Agence QMI
Agence QMI

Desjardins et deux banques visées par une action collective

Desjardins et deux banques visées par une action collective

Photo Agence QMI

Agence QMI

Une demande d'action collective visant les Caisses Desjardins, la Banque Scotia et la Banque de Montréal a été déposée par l'Association pour la protection automobile (APA) en lien avec des frais exigés lors de l'achat ou de la location d'un véhicule financé.

Plus précisément, l'APA et la demanderesse Cathy Meilleur prétendent que les trois institutions financières visées ont sciemment réclamé des frais trop élevés à leurs clients pour inscrire le contrat de financement dans le Registre des droits personnels et réels mobiliers.
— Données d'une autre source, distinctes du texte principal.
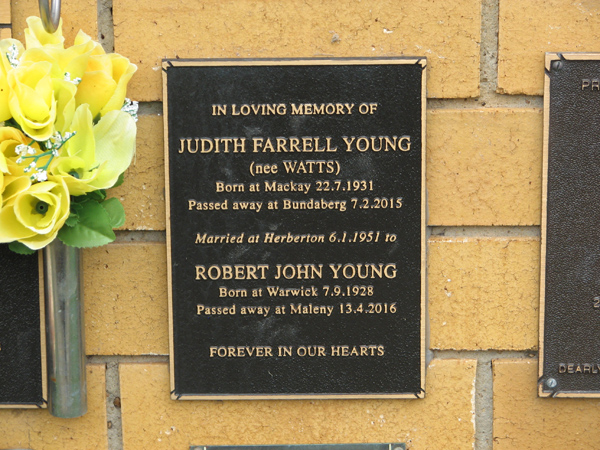 | Young | Judith Farrell | photo | 22/07/1931 | 7/02/2015 | nee Watts born Mackay married at Herberton 6/1/1951 | ||

Par communiqué, les demandeurs ont expliqué que Mme Meilleur a fait l'acquisition d'un nouveau véhicule en septembre 2015 grâce à un prêt remboursable sur 96 mois de la Banque Scotia. Or, la femme a dû débourser des frais d'administration de 72,78 $ pour faire l'inscription du contrat au Registre, un montant qui «équivaut à environs le double du coût d'une Réquisition d'inscription au RDPRM pour l'année 2015 qui était de 37$», selon l'APA.

La Banque de Montréal, de son côté, exige des frais d'administration de 68,17 $, tandis que Desjardins facture 39 $, ajoute l'APA.

En comparaison, Honda Services Financiers facture 5,25$ et Services Financiers BMW facture 12,89 $ pour faire l'inscription d'un contrat au Registre.

L'Association croit donc justifier d'intenter un recours collectif au motif que les trois institutions financières auraient exigé des montants trop élevés à leurs clients.

L'action collective engloberait toutes les personnes qui ont acheté ou loué un véhicule neuf, que ce soit une voiture, un bateau, une moto ou autres, lors des trois dernières années à partir du 11 juillet 2015, à l'aide d'un prêt de Desjardins, de la Banque Scotia ou de la Banque de Montréal. L'APA estime que plusieurs dizaines de milliers de personnes pourraient être concernées.

Les demandeurs réclament que les institutions financières remboursent l'excédent des frais d'administration qui dépasse le coût réel de l'inscription des contrats. Ils réclament aussi 100 $ en dommages punitifs pour chaque participant au recours collectif.